55

Sentada en el diván, junto a Langdon, Sophie se tomó el té y una galleta, y notó los efectos reparadores de la cafeína y el azúcar. Sir Leigh Teabing parecía estar feliz mientras caminaba de un lado a otro, frente a la chimenea, produciendo un chirrido metálico con los hierros que llevaba en las piernas.

—El Santo Grial —dijo con voz de sermón—. La mayoría de gente sólo quiere saber dónde se encuentra. Y me temo que esa sea una pregunta que no llegaré a responder nunca. Sin embargo —añadió mirando a Sophie a los ojos—, es mucho más importante preguntarse qué es el Santo Grial.

Sophie detectaba en sus dos acompañantes masculinos un aire creciente de expectación académica.

—Para comprender plenamente el Grial —prosiguió Teabing— debemos primero entender la Biblia. ¿Cómo anda de conocimientos sobre el Nuevo Testamento?

Sophie se encogió de hombros.

—Pues muy mal.

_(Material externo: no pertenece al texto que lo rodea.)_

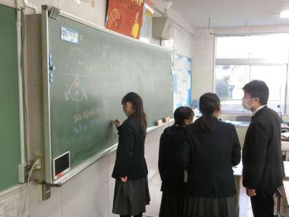 円の円周や面積を「π(パイ)」を使って計算する学習に取り組んでいました。円周率の「3.14」を使っていた時より、ずいぶんスムーズに計算できるようになり、たくさんの問題に挑戦していました。
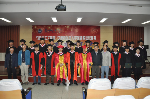 梁延堂为17名同学正冠拨苏,并发表讲话。张社平宣读《beat365在线唯一官网关于授予17名自考本科毕业生学士学位的决定》。
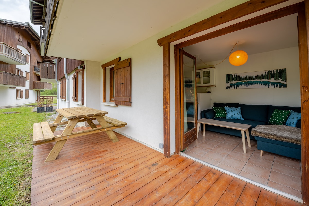 Faites une pause et détendez-vous dans cette oasis paisible au coeur des montagnes. Ce magnifique studio refait à neuf se situe dans le triangle d'or, à moins de 30 minutes de Genève, 45 minutes d'Annecy et Chamonix. Vous aurez accès aux différents espaces extérieurs ainsi qu’aux stations de ski à proximité : Les Brasses, Les Gets, Morzine, Châtel, Avoriaz, Samoëns. À partir du 15 mai, la piscine extérieure est accessible jusqu’au 15 septembre. Logement idéal pour un séjour à 2.

Mi educación se debe a un hombre que adoraba a Leonardo da Vinci.

A Teabing, aquel comentario le sorprendió y le gustó a partes iguales.

—Un espíritu iluminado. ¡Magnífico! Entonces sabrá que Leonardo fue uno de los guardianes del secreto del Santo Grial. Y que en sus obras nos dejó algunas pistas.

—Sí, Robert me lo ha contado.

—¿Y qué sabe usted de los puntos de vista de Leonardo sobre el Nuevo Testamento?

—Nada.

A Teabing se le iluminaron los ojos cuando se acercó a la librería que había en el otro lado de la sala.

—Robert, ¿serías tan amable? En el estante de abajo. La Storia di Leonardo.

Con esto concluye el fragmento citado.